Data extracted from a collection:
┄┄┄┄┄┄
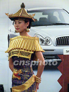 北京一家汽車俱樂部在四月春日請身穿仿中國宮廷建筑服飾的時(shí)裝模特,以服飾的華麗高貴為新興的時(shí)尚汽車生活助興。作者:王麗南
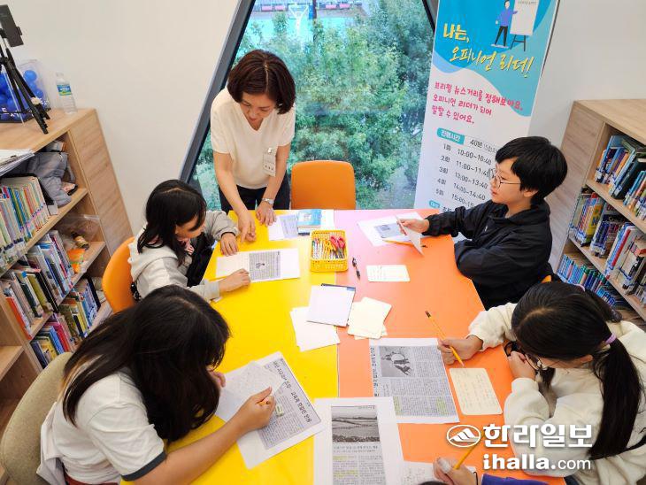 지난 2일 별이 내리는 숲 제주어린이도서관에서 '2024 JDC와 함께하는 미디어 체험데이'가 열렸다. 한라일보와 제주국제자유도시개발센터가 매해 이맘때쯤 진행하던 '생각을 춤추게하는 NIE 전시회'를 '미디어 체험데이'로 탈바꿈해 올해로 세 번째 선보이고 있는 행사다.
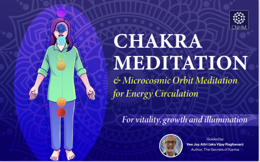In the Chakra meditation guided by Master Vijay Raghavan, you will meditate on the seven major Chakras in a sequence and chant the ‘seed’ mantra for that Chakra. After chanting the mantra, you may visualise the organs or parts of the body governed by the Chakra filled with white light and affirm that the organ or part of the body is healthy.
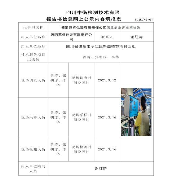 德陽蘇橋包裝有限責任公司職業病危害定期檢測
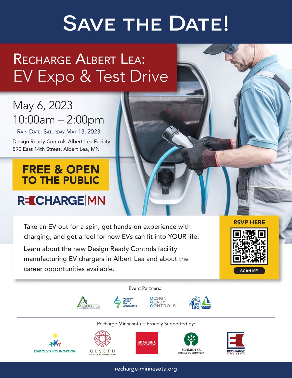 At the Recharge Albert Lea EV Expo and Test Drive, you can take an EV out for a spin, get hands-on experience with charging, and get a feel for how EVs can fit into YOUR life. Learn about the new Design Ready Controls facility manufacturing EV chargers in Albert Lea and career opportunities available. Thank […]
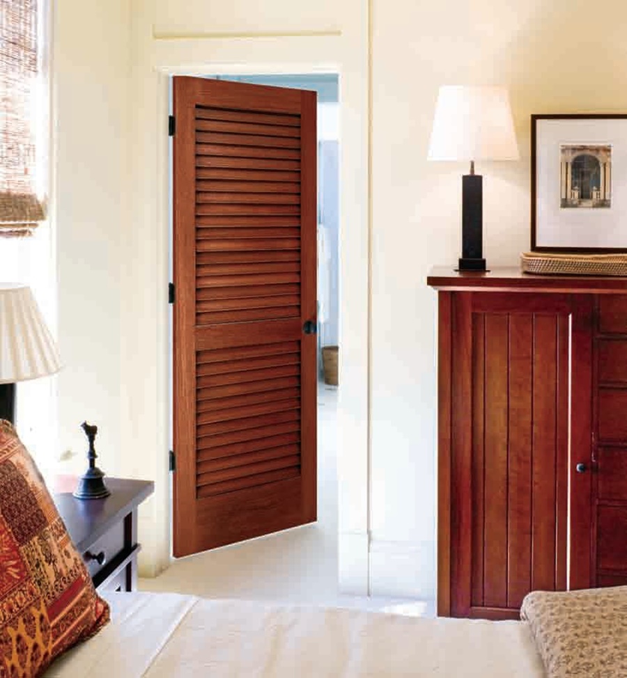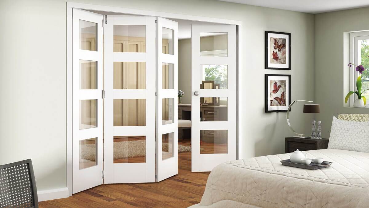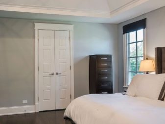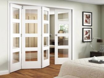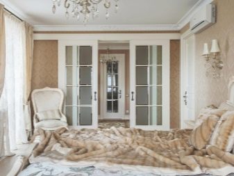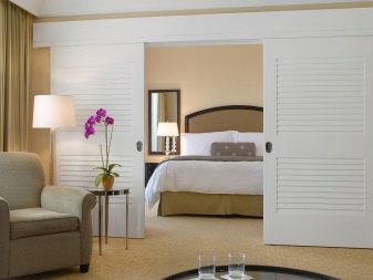 - Louvered. The least successful for the bedroom, as they have a folding structure of two halves that fold like an accordion. The disadvantage for the bedroom will be the presence of a lattice fabric, similar to blinds. Due to this design, sounds, light and smells from other rooms penetrate into the room, there is no way to retire.
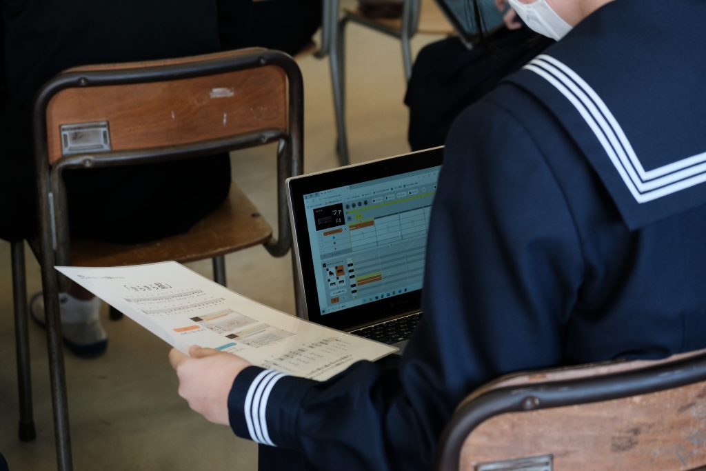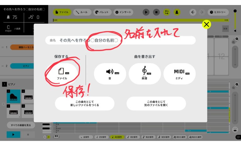 でクラス曲をつくろう。楽譜をみながらドレミを考えて入力しても、耳で聞きながら入力しても良いでしょう
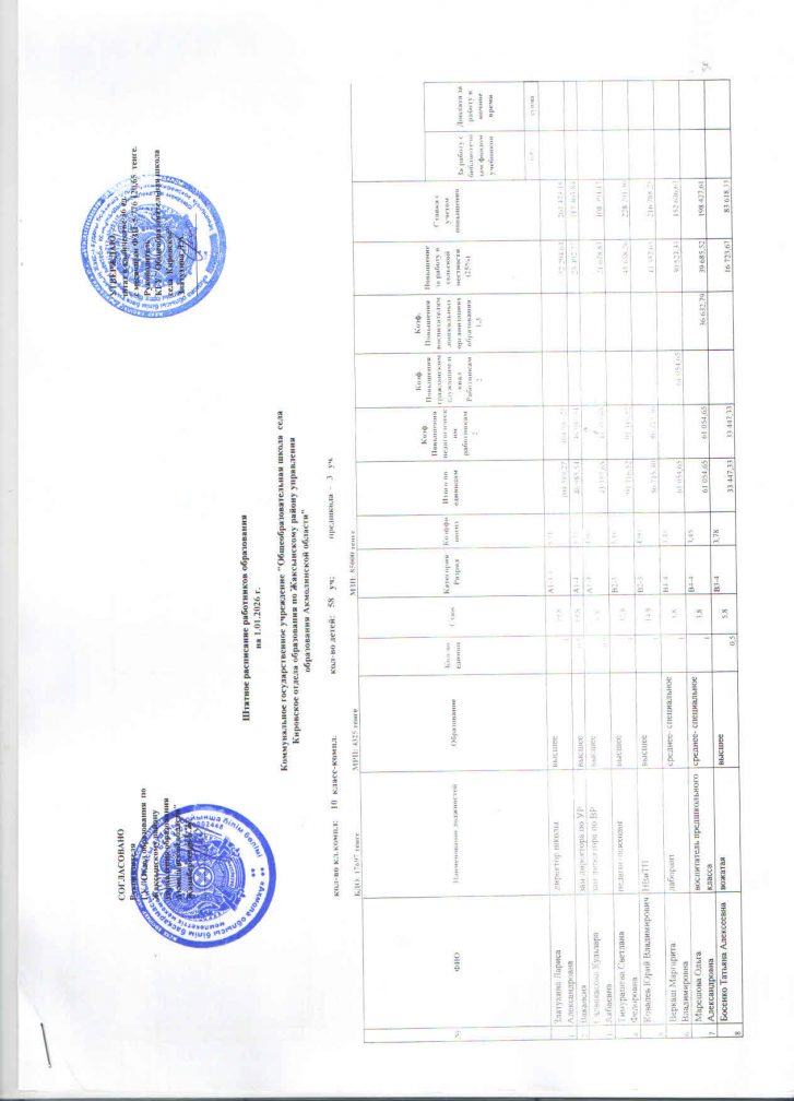 Білім беру қызметкерлерінің штат кестесі 01.09.2023 ж.
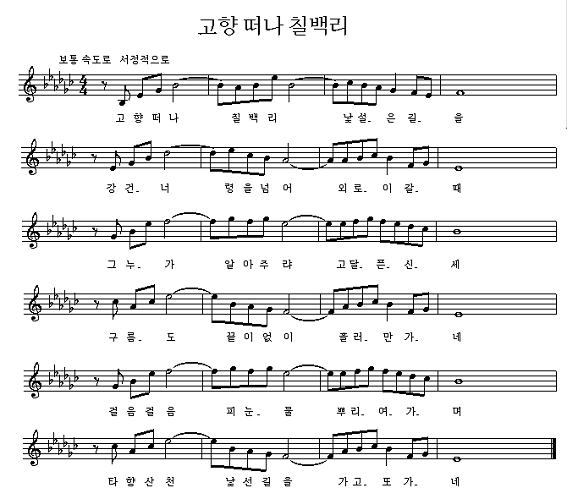 노래의 첫 부분은 이러한 독특한 선율정서적 흐름으로 고향 떠나 머나먼 낯 설은 길을 외로이 가는 주인공의 모습, 구슬픈 심리세계를 선명하게 형상하고 있다.
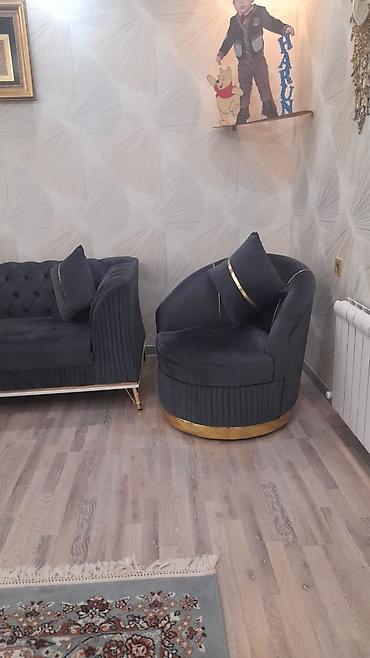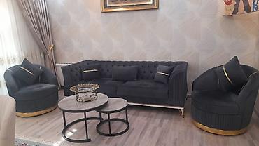 Qonaq otağı üçün dəst – qara/ford qrafit rəngli divan və iki ədəd fırlanan kreslo
┄┄┄┄┄┄
Quote every line of the records above exactly; no picture is to be copied.

• **THE ANSWER**
 北京一家汽車俱樂部在四月春日請身穿仿中國宮廷建筑服飾的時(shí)裝模特,以服飾的華麗高貴為新興的時(shí)尚汽車生活助興。作者:王麗南
 지난 2일 별이 내리는 숲 제주어린이도서관에서 '2024 JDC와 함께하는 미디어 체험데이'가 열렸다. 한라일보와 제주국제자유도시개발센터가 매해 이맘때쯤 진행하던 '생각을 춤추게하는 NIE 전시회'를 '미디어 체험데이'로 탈바꿈해 올해로 세 번째 선보이고 있는 행사다.
In the Chakra meditation guided by Master Vijay Raghavan, you will meditate on the seven major Chakras in a sequence and chant the ‘seed’ mantra for that Chakra. After chanting the mantra, you may visualise the organs or parts of the body governed by the Chakra filled with white light and affirm that the organ or part of the body is healthy.
 德陽蘇橋包裝有限責任公司職業病危害定期檢測
 At the Recharge Albert Lea EV Expo and Test Drive, you can take an EV out for a spin, get hands-on experience with charging, and get a feel for how EVs can fit into YOUR life. Learn about the new Design Ready Controls facility manufacturing EV chargers in Albert Lea and career opportunities available. Thank […]
 - Louvered. The least successful for the bedroom, as they have a folding structure of two halves that fold like an accordion. The disadvantage for the bedroom will be the presence of a lattice fabric, similar to blinds. Due to this design, sounds, light and smells from other rooms penetrate into the room, there is no way to retire.
 でクラス曲をつくろう。楽譜をみながらドレミを考えて入力しても、耳で聞きながら入力しても良いでしょう
 Білім беру қызметкерлерінің штат кестесі 01.09.2023 ж.
 노래의 첫 부분은 이러한 독특한 선율정서적 흐름으로 고향 떠나 머나먼 낯 설은 길을 외로이 가는 주인공의 모습, 구슬픈 심리세계를 선명하게 형상하고 있다.
 Qonaq otağı üçün dəst – qara/ford qrafit rəngli divan və iki ədəd fırlanan kreslo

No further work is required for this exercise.